Tuesday, April 5, 2011

Belated Birthday of Heath Ledger

April 4th was Heath Ledger’s birthday.  He would have been 32.  This anniversary serves as a reminder of just how sad his passing was three years ago, and how many more great performances he had in store.  After he stared in the critically-acclaimed Brokeback Mountain, he was hailed as the next Marlon Brando.  Unfortunately, his story took a James Dean-esque twist instead.

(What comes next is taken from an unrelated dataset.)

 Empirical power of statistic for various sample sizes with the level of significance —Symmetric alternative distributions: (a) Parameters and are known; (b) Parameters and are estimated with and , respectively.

I knew and understood the Brando comparison back in 2005, when I was still in high school.  It you watch any Brando film—On the Waterfront, A Streetcar Named Desire, The Fugitive Kind, etc.—you see how much he disappeared into a role, how much of his body he committed to the part.  In lieu of making dialog work for him, he made the space in between the lines marks of brilliance.  Brando never hid behind lines; rather he internalized them, making it appear his character would burst if the line wasn’t spoken.  Think of “Stelllllaaaaa!” think of the scene where he opens the bottle of champagne in Streetcar, think of him trying on Eva Marie Saint’s glove in Waterfront.  Brando discovered the small things within a role, and used them to define the part.  Ledger did this too.

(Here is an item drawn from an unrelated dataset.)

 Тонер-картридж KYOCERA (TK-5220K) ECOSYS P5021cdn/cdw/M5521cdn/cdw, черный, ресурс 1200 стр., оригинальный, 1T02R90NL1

Look no further than his two most honored performances, that of Ennis Del Mar in Brokeback Mountain and The Joker in The Dark Knight.  Rarely do you see a multiple Oscar nominee represented with two such vastly different roles.  But Ledger managed it.  Say what you want about his posthumous success with The Joker, but we all know he deserved the praise and would have won had he been alive.  Look at him in Brokeback.  Minimalism at its finest.  He mumbles through his lines like a man trying to find himself, simply lost.  He’s hiding from himself, so he hides what he says.  Each of his lines in that film is delivered with such a painful hint of self-loathing, and of fear, not of society, but of himself—of the truth.  The final scene where he cradles Jake Gyllenhaal’s bloody shirt is something of pure wonder; an actor so clearly understanding what the character is going though, and delivering on the demanding cathartic moment.  So much in the body, so much character study, so much devotion.

The same can be said for his instant-classic turn as The Joker.  Actors reinvent characters all the time, but never before had it been done to this magnitude.  Sparing some of the ad nauseum details about the role, it was perfect.  Like Brando, he took small things and made them powerful.  For instance, when another actor would have sat quietly in the jail cell, Ledger began applauding—something that wasn’t in the script—and suddenly that’s a memorable scene from the movie.  His slithery devouring of lines is nothing short of genius, even changing throwaway lines into unintended punchlines (“Very poor choice of words” anyone?)

I was already a huge fan of Ledger when he passed, and like most of America, probably more so after seeing The Dark Knight.  Seeing his performance acknowledged with an Academy Award win was my proudest moment as an Oscar fan.  It showed that sometimes, just sometimes, they do award the best performance of the year, regardless of genre.